Increasing use of general practice management and team care arrangements over time in New South Wales, Australia
Heidi Welberry A , Margo Linn Barr A B , Elizabeth J. Comino A , Ben F. Harris-Roxas A , Elizabeth Harris A and Mark Fort Harris AA Centre for Primary Health Care and Equity, Faculty of Medicine, Level 3, AGSM Building, University of New South Wales, Sydney, NSW 2052, Australia.
B Corresponding author. Email: margo.barr@unsw.edu.au.
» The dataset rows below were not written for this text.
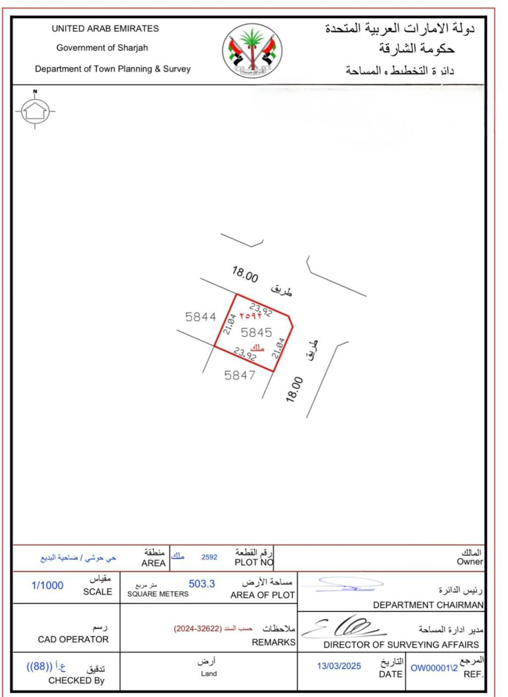For sale Residential Land - Al Houshi, Sharjah - 5417 ft Distinctive residential land corner on two streets, regular and easy to build, and provides excellent flexibility in design and entry. Location Quiet area suitable for family accommodation - Close to major roads and services - Ownership Free for all Arab nationalities asking price AED1300000 A suitable opportunity to live or invest in
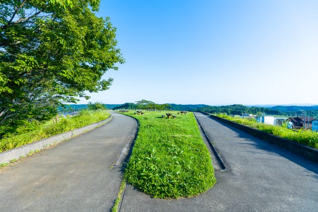 龍崖山公園を後にして、真新しい戸建てが並ぶ新興住宅街のある坂道を抜けると、広い空が見渡せるこの展望公園にたどり着きます。
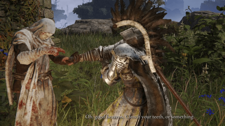 "오, 그래... 변질됐어, 우리? 엘든 링을 위해 사이의 땅으로 가자, 응? 당연하지. 부끄럽지 않아. 하지만 운이 좋지 않아 유감이야. 넌 무녀야 . 비트 플레이어, 룬의 힘과 완전히 분리되었습니다. 아무데나 가서 도랑에서 죽어도 무방합니다."
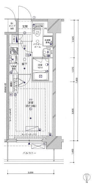 | 間取り | 1K | 専有面積 | 23.4m2 |

Australian Journal of Primary Health 25(2) 168-175 https://doi.org/10.1071/PY18113
Submitted: 31 July 2018 Accepted: 14 December 2018 Published: 12 March 2019
Abstract
The number of older people living with chronic health conditions is increasing in Australia. The Chronic Disease Management (CDM) items program was introduced to the Medicare Benefits Schedule (MBS) to encourage a more structured approach to managing patients with chronic conditions. Initial uptake was slow and recent research has suggested that uptake is decreasing. This paper examines: person MBS CDM claims in NSW between 2006 and 2014 — using baseline survey data (2006–09) from the Sax Institute’s 45 and Up Study linked to MBS and Death Registry data (2006–14) — and MBS CDM claims per 100 000 population — using billing data sourced from the Medicare Australia Statistics website — to systematically examine any changes in uptake using a time-series analysis. After age adjustment, claims for initial plans increased from 11.3% in 2006 to 22.4% in 2014. Increases were also seen for allied health service claims (from 4.1% in 2006 to 20.8% in 2014) and for plan reviews (from 5.9% in 2006 to 16.0% in 2014). These increases were consistent with the MBS summary claims data. There is evidence that these plans are appropriately targeting those in most need; however, there is limited evidence of their effect. Claims for plan reviews, although increasing, are suboptimal and may indicate poor continuity of care.
Additional keywords: allied health, care plan, chronic disease, plan reviews.